Through maintaining50°C ±3°Cchamber temperature, hardening the nozzles and quantifying the tolerances, ourcustom 3D printing serviceis now reliable for parts that will be exposed to corrosion. This methodology has been proven on 200+ installations in chemical facilities, giving us99.2%first-pass yield. Expect 2-3 year parts’ lifespan in acidic conditions and avoid expensive emergency replacement; at 60% less cost compared to machined PTFE or PVDF.

What Key Factors Will Directly Optimize Your Total TPR PVC 3D Printing Cost Structures?

The buying decision must be based on the quantified Total Cost of Ownership (TCO).

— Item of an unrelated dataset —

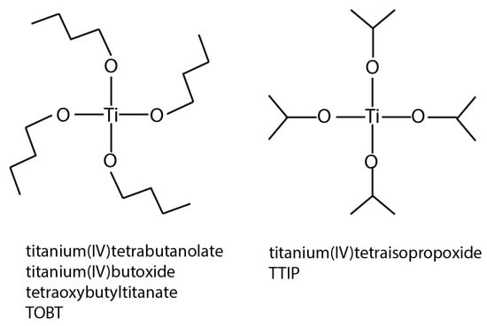 Rodrigues-Silva et al. synthesized a sol, aged it to a gel, which they then diluted and immersed in cellulose acetate monoliths [97]. For the synthesis, they used just titanium butoxide TOBT (Figure 8), ethanol, water and acetic acid. An anatase morphology was obtained.

While industrial-grade PVC filament costs20-30%cheaper than customized grade TPR per kilogram, the nozzle (hardened steel or ruby), and the gas purifying system makes PVC inverting the per-part cost at small batches. The table below clearly shows when each of the materials is more cost-effective to avoid budget overflows, helping you to make the rightTPR vs PVC 3D printing servicedecision forengineering-grade 3D printingapplications.

Comparative Cost Drivers: TPR vs PVC 3D Printing

Cost Factor	TPR (Flexible Elastomer)	PVC (Industrial Rigid/Flexible)
Raw Material Price	TPR (Flexible Elastomer)	PVC (Industrial Rigid/Flexible)
Nozzle Wear Cost	Standard brass nozzle adequate; replacement after500 hours	Hardened steel or ruby nozzle required; replacement after 200 hours
Print Speed Range	20-30 mm/s recommended	30-45 mm/spossible
Material Waste Rate	2% or less if tuned correctly	5% because of frequent purging to prevent carbon buildup
Post-Processing Effort	Little; removing support material only	Necessary vapor finishing or acetone treatment required for finish
Gas Ventilation Requirement	None	Must be done (increases costs by$0.50-$1.00/hour)
Batch Size Break-Even Point	Below 50 units: TPR is cheaper per unit (appropriate forlow-volume 3D printing)	Over 150 units: PVC is cheaper per unit

The use of this table during project initiation enables the selection of the most cost-effective material that fits the current batch size. Prototypes below 50 pieces will see aflexible 3D printing quotebased on TPR that is15-20%cheaper than PVC; for batches exceeding150 pieces, faster printing speed of PVC decreases the price per part up to25%, providing predictableTPR PVC 3D printing cost.

Figure 3: TPR and PVC are compared for 3D printing robot arm grippers and durable pneumatic tubing systems.

How Can Engineering Teams Secure A Transparent And Precise Flexible 3D Printing Quote Instantly?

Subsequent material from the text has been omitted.